# The Merry Movie Montage as Colored Traveling Salesman Problem

This notebook is an attempt to adopt the special type of the traveling salesman problem called colored traveling salesman problem for this competition.

# What is a Colored Traveling Salesman Problem?

Colored Traveling Salesman Problem (CTSP) is the special case of Multiple Traveling Salesman Problem (MTSP) which in turn is an extension of the Travelling Salesman Problem (TSP).

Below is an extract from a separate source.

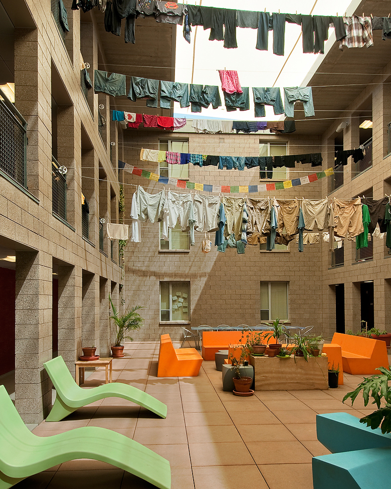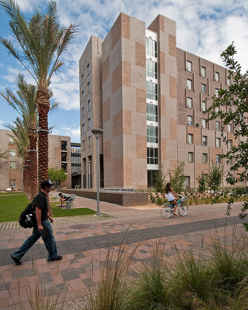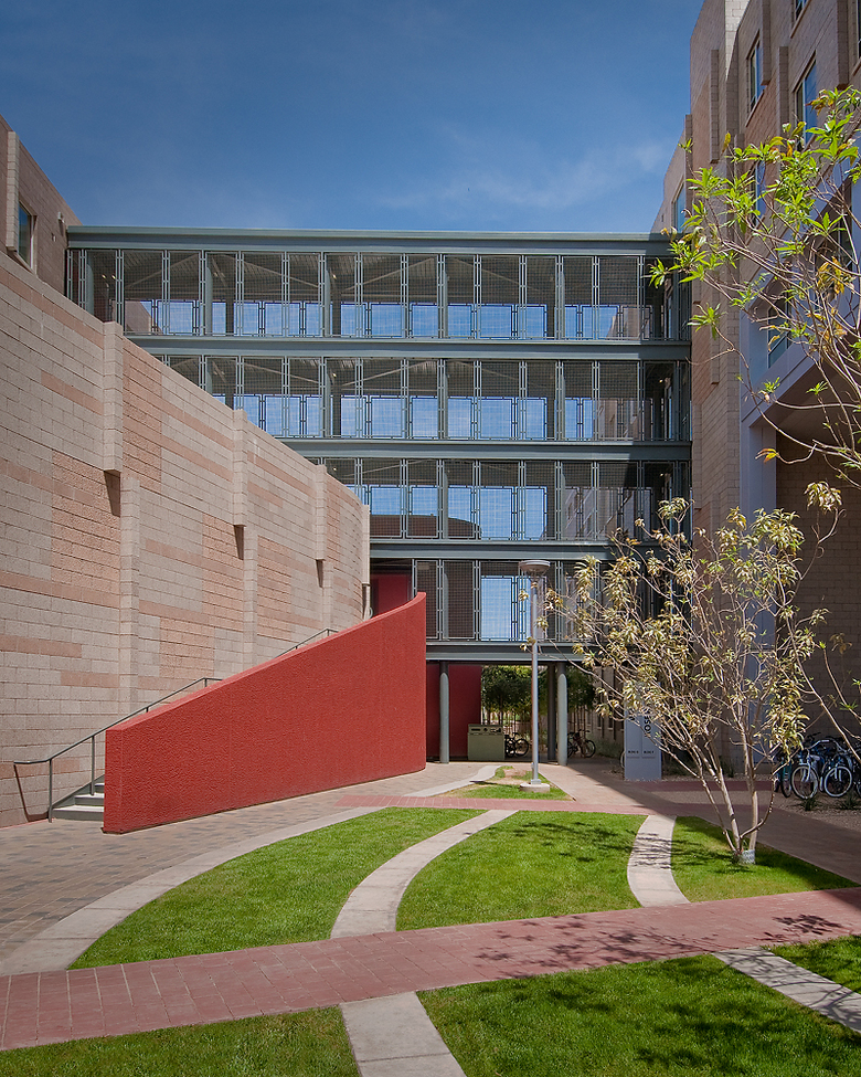 In the tradition of great residential colleges, Barrett is a network of interconnected, landscaped courtyards each with its own character and purpose. Beginning with the Palm Court, a public statement of Barrett’s openness to the entire ASU community, the courtyards proceed from the more formal Academic Court to the large, casual College Court, to the more intimate residential courtyards with a small amphitheater, outdoor classrooms and a sand volleyball court. At the heart of the college, at the College Court, the serpentine Dining and Community Center activate the life of the College with a canopy-shaded dining terrace overlooking the largest outdoor court, where most common activities occur.

MTSP involves assigning m salesmen to n cities, and each city must be visited by a salesman while requiring a minimum total cost. ([citation](https://www.tandfonline.com/doi/full/10.1080/21642583.2019.1674220#:~:text=MTSP%20involves%20assigning%20m%20salesmen%20to%20n%20cities%2C%20and%20each%20city%20must%20be%20visited%20by%20a%20salesman%20while%20requiring%20a%20minimum%20total%20cost.))

However, MTSP is applicable to only the cases in which multiple executing individuals (traveling salesman) share the common workspace (city set). It cannot be used to handle many multi-machine engineering systems where multiple machines' workspaces are not the same and partially overlap with each other. [This paper](https://doi.org/10.3182/20140824-6-ZA-1003.01403) proposed and formulated a new MTSP called colored traveling salesman problem (CTSP). Each of its salesmen is assigned a private city set and all salesmen share a public city set. Every set of cities is colored differently. ([citation](https://www.sciencedirect.com/science/article/pii/S1474667016431289?via%3Dihub#:~:text=However%2C%20it%20is,is%20colored%20differently.))

CTSP looks like a good match for our problem where three sets of permutations beginning with üéÖü§∂ that must be found in each string will be our "private city sets" and all the other permutations will represent a "public city set". The use of wildcards is still not easily translated to these settings.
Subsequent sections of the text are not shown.